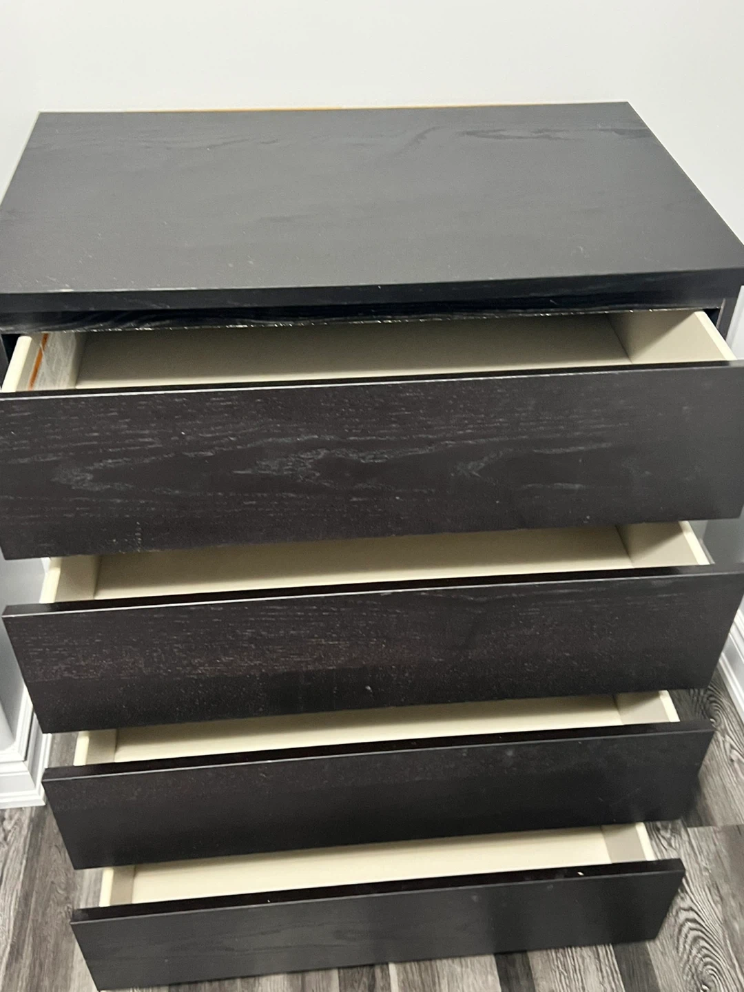 Selling a well-maintained IKEA MALM 4‑Drawer Dresser in dark brown. The dresser is sturdy, spacious, and perfect for organizing clothes or household items. All drawers slide smoothly and provide plenty of storage.
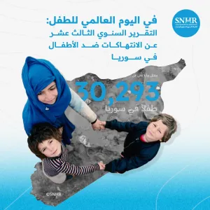 أصدرت "الشَّبكة السورية لحقوق الإنسان" اليوم تقريرها السنوي الثالث عشر عن الانتهاكات ضد الأطفال في سوريا، وذلك بمناسبة "اليوم العالمي للطفل"، سلَّط التقرير الضوء على مقتل ما لا يقل عن 30,293 طفلاً منذ آذار/مارس 2011، منهم 225 طفلاً قضوا جراء التعذيب، بينما لا يزال 5,298 طفلاً قيد الاعتقال أو الاختفاء القسري.
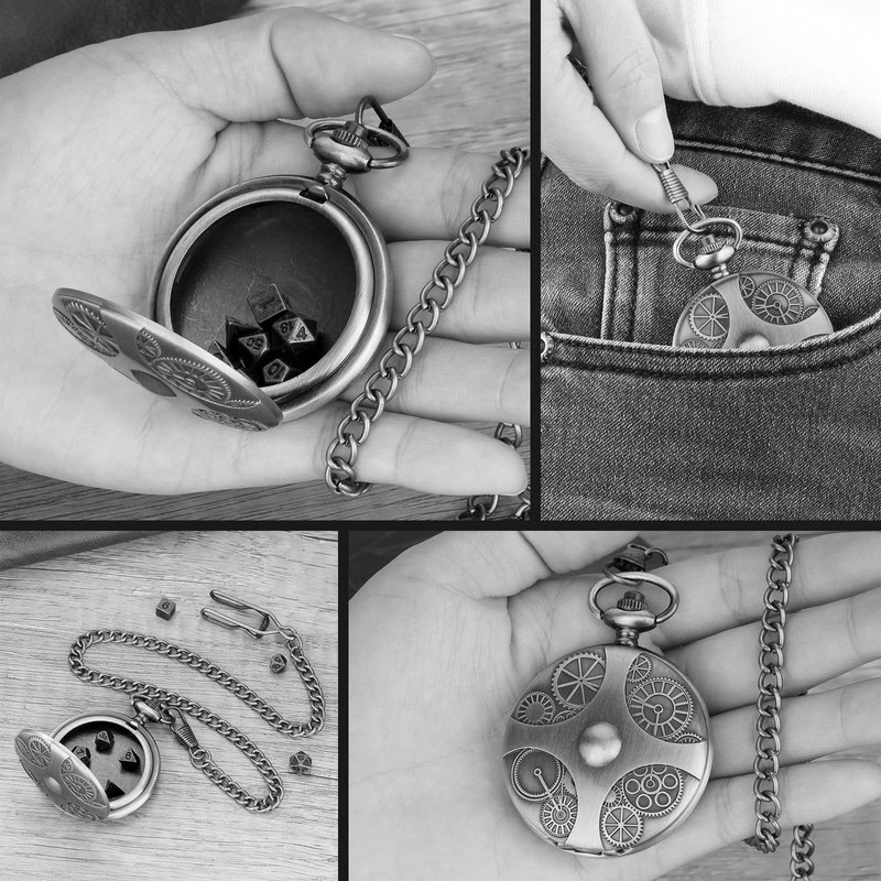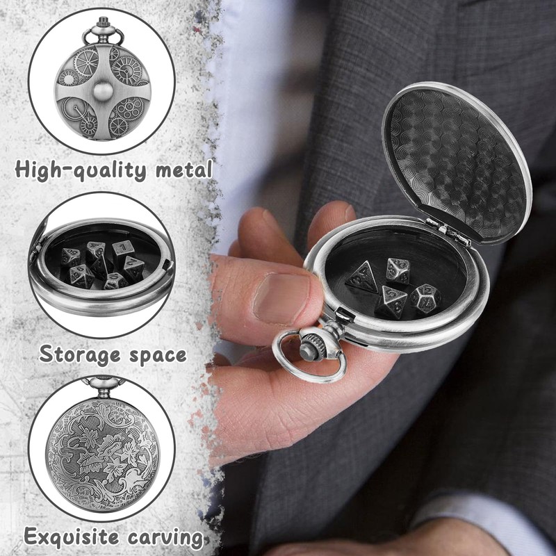 - Package list: This metal dice contains several cubes in different shapes, with a steampunk style pocket watch box, perfect for storing these small cubes inside. No matter where you are, you can take this d&d cube set with you without additional strain.
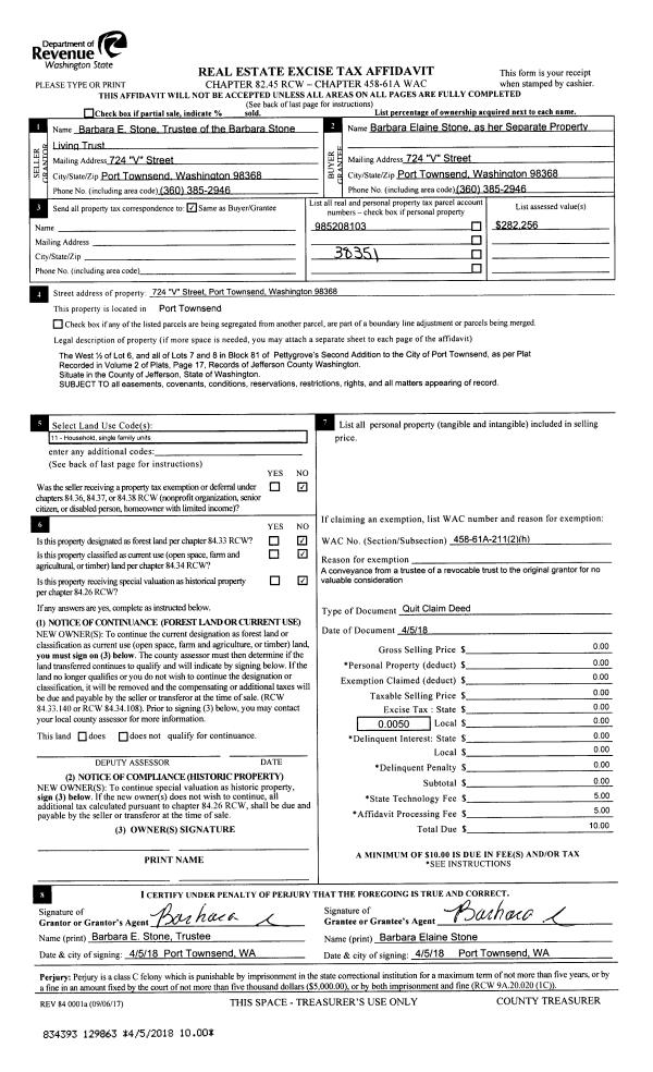 | 2 | 10/13/2017 | QCD | Quit Claim Deed | PEARL TERAS | PEARL G TERAS LIVING TRUST | | | | 129469 | |

**********

* HOW TO COMPLETE THIS TASK
Type the listing above out again exactly, and omit all pictures.

* TASK RESPONSE
 Selling a well-maintained IKEA MALM 4‑Drawer Dresser in dark brown. The dresser is sturdy, spacious, and perfect for organizing clothes or household items. All drawers slide smoothly and provide plenty of storage.
 أصدرت "الشَّبكة السورية لحقوق الإنسان" اليوم تقريرها السنوي الثالث عشر عن الانتهاكات ضد الأطفال في سوريا، وذلك بمناسبة "اليوم العالمي للطفل"، سلَّط التقرير الضوء على مقتل ما لا يقل عن 30,293 طفلاً منذ آذار/مارس 2011، منهم 225 طفلاً قضوا جراء التعذيب، بينما لا يزال 5,298 طفلاً قيد الاعتقال أو الاختفاء القسري.
 - Package list: This metal dice contains several cubes in different shapes, with a steampunk style pocket watch box, perfect for storing these small cubes inside. No matter where you are, you can take this d&d cube set with you without additional strain.
 | 2 | 10/13/2017 | QCD | Quit Claim Deed | PEARL TERAS | PEARL G TERAS LIVING TRUST | | | | 129469 | |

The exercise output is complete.